Marilyn DeReggi, mezzo
Synthèse 89, Bourges Festival, France

Azure Ensemble
Leonard Nimoy Thalia Theatre, New York, NY

Program Note:
Three Summers Heat, for mezzo or soprano and electronics, is a setting of sultry seasonal poetry of Tzu Weh, a fifth-century Chinese poet. The new version is scored for soprano, flute, viola and harp. Tzu Weh’s images of summer and of the stages of romantic relationships are brief but telling. Each of the seven poems focuses on a particular mood which I have tried to amplify through the shape of the vocal lines, the development of electronic timbres, and the relationship between the two. The third song, for example, sings of rowing a boat on Rose Hibiscus Lake on a hot summer day while the electronic accompaniment shimmers like a mirage, with occasional sonic drops splashing on the surface.

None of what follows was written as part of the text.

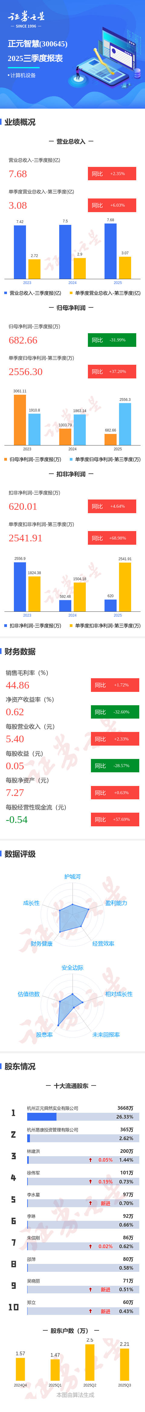 证券之星消息,正元智慧2025年三季报显示,前三季度公司主营收入7.68亿元,同比上升2.35%;归母净利润682.66万元,同比下降31.99%;扣非净利润620.01万元,同比上升4.64%;其中2025年第三季度,公司单季度主营收入3.08亿元,同比上升6.03%;单季度归母净利润2556.3万元,同比上升37.2%;单季度扣非净利润2541.91万元,同比上升68.99%;负债率55.42%,投资收益-382.6万元,财务费用2702.45万元,毛利率44.86%。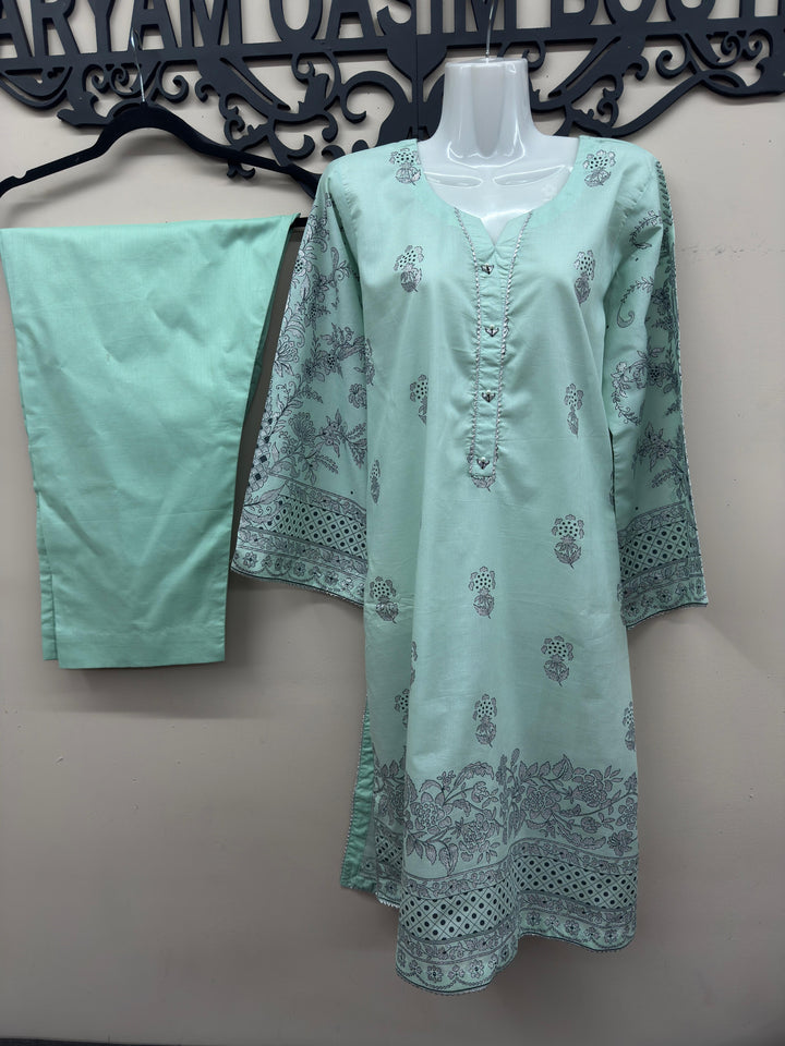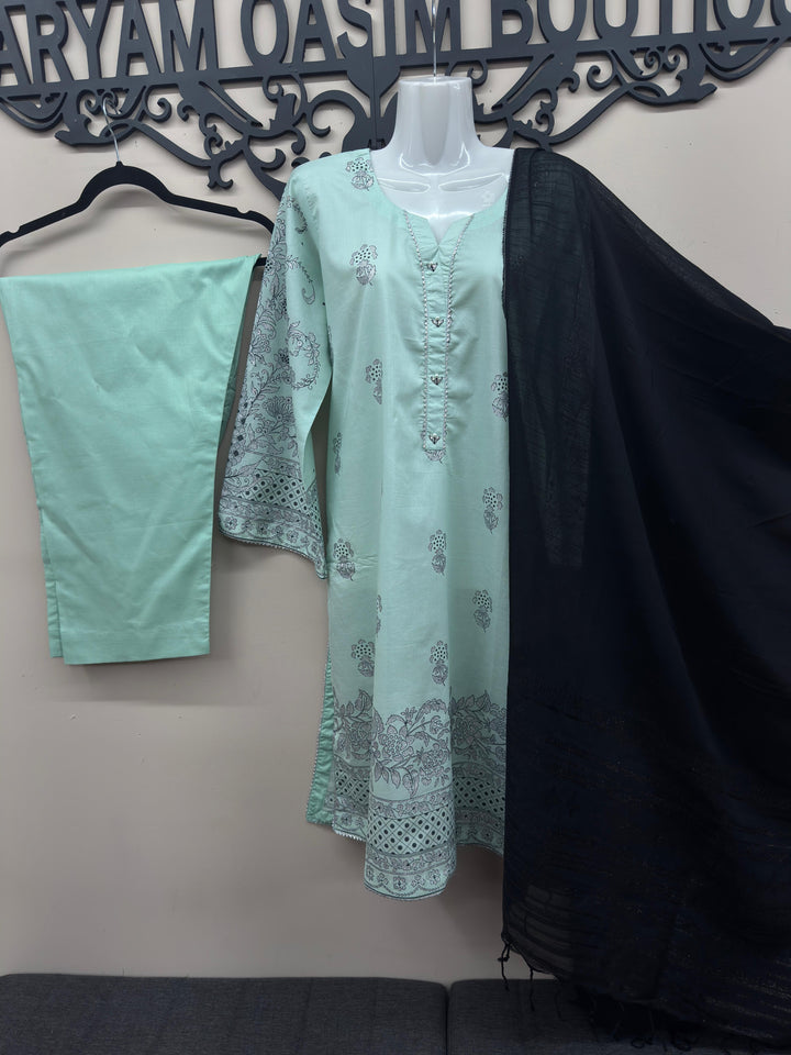 Crafted by Maryam Qasim Boutique, it features a block-printed lawn shirt, matching lawn dupatta, and lawn trousers—stitched with precise tailoring and graceful finishing touches.

The electronic portion of Three Summers Heat was created at the Virginia Center for Computer Music (VCCM) at the University of Virginia in 1988-89, using a MIDI-based system controlled by the HMSL Computer music language. This program, developed by Messrs. Burk, Polansky and Rosenboom at Mills College, was extended by then VCCM Technical Director Pete Yadlowsky. The MIDI devices include a Yamaha TX-802 synthesizer, Roland S-550 sampler, DEP5 effects processor and Alesis MIDIVERB II. The sampled Chinese texts were recited by University of Virginia Professor Anne Kinney and the English by singer Marilyn Boyd DeReggi. The singer is advised to perform with a microphone with the amplitude set to balance the electronics. Slight reverb may be added so that the sonic worlds of the singer and electronics mesh. The English translations, by Lenore Mayhew and William McNaughton, are used with permission from the Charles E. Tuttle Company. For more information, visit –JS

Press Quote:
“Shatin’s Three Summers Heat…used electronically generated sounds in poetic contexts. Haunting taped voices, speaking in English and Chinese, were part of the aural collage that mingled with the declamations of DeReggi, a stylish performer with a knack for interpreting lyrics in unusual settings such as Three Summers Heat.